Remember how your goal ever since you were little was to get a bachelor's degree, go on a mission, get a master's degree, get married to a super awesome guy and have kids? Well, as I write this to you, I might be close to achieving all of those. Maybe. Or maybe not. (And if it is the next life when you get married and have kids, I hope the Internet is eternal and you can read this blog!)
But you know that work and school and your singles ward and your many responsibilities were sometimes tough on you. There were a few days where you came home in tears or even cried while you were at work (thank you, waterproof mascara).
On those days, you just wished that you were living the part of your dream of being a mom. That you were with a bunch of hooligan kiddos at home. That you were living the life of the mommy bloggers! On those days, you yelled to the heavens (have you noticed I do that a lot?), "I will take 45 dirty diapers and burned toast and a child who cries the whole time we are shopping! I will take the kids who dropped all the eggs on the floor. I will even take the kids who say I'm mean. I will take the inadequacies. I will take the feelings of not being enough and I will take the feelings of thinking I am a horrible mother."
And whether or not you are temporarily working full-time because your husband is in school, or part-time to pay the bills, or (cross your fingers) not employed at all (except freelance work because you just really like to edit stuff to death!), you won't even mind being in the cross-fire of the stay-at-home vs. employed mom debate (because, really, there's no way to avoid it. Moms can be so mean to each other!).
But you know it's hard, future Mama Liz. Just last week you watched your nieces and nephew. Little terror nephew unwrapped the wrapping paper roll so many times you could scream ( and maybe you did). The kids squashed many of the pears you were going to can all over the pear box. They opened up the drainpipe access where there are spiders, even though you told them the spiders would kill them! And they did not stay in the garage while you put the car seats in your car and it was raining. They walked through the puddles, of course.

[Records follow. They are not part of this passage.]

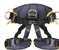
SIT WORKER 3D SPEED STEEL
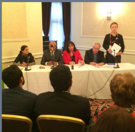
Sir Keith Vaz and Owen Jones speak at MEND Labour fringe 2014
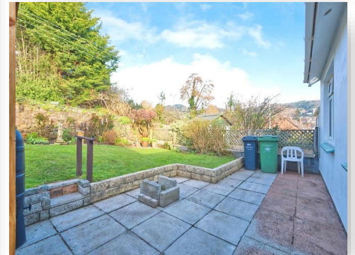
Millbridge Gardens, Minehead, TA24 5XA
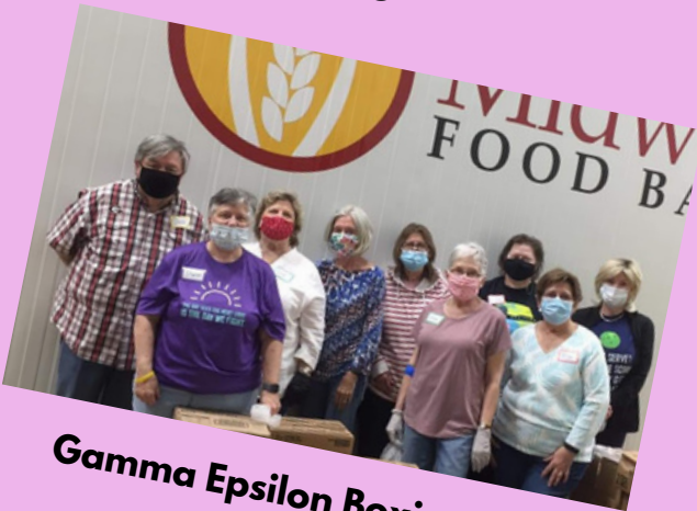
Gamma Epsilon Boxing Food
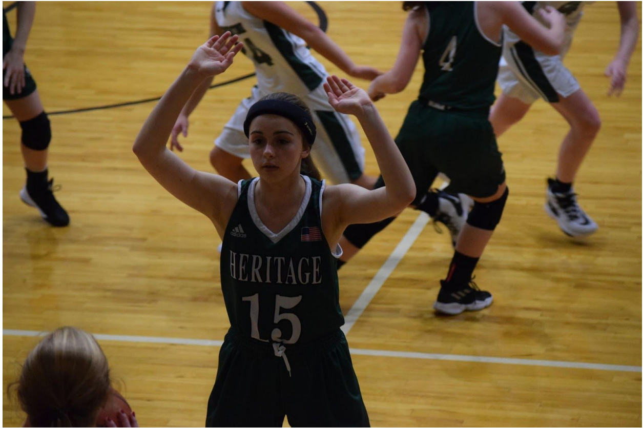
Bi District Champs

And last week, you watched a friend's kids. While the baby screamed, you tried to make sugar cookies and while the 3-year-old rolled out the dough, flour got everywhere! Once you finished a glorious nine cookies (that's as many as you could handle) you found out the baby was screaming because she had a major blow-out all the way up her back. And while you tried to clean that up, the other sweetheart wanted to do watercolor painting, which was a feat to keep clean. And you wondered how moms could do that 24/7.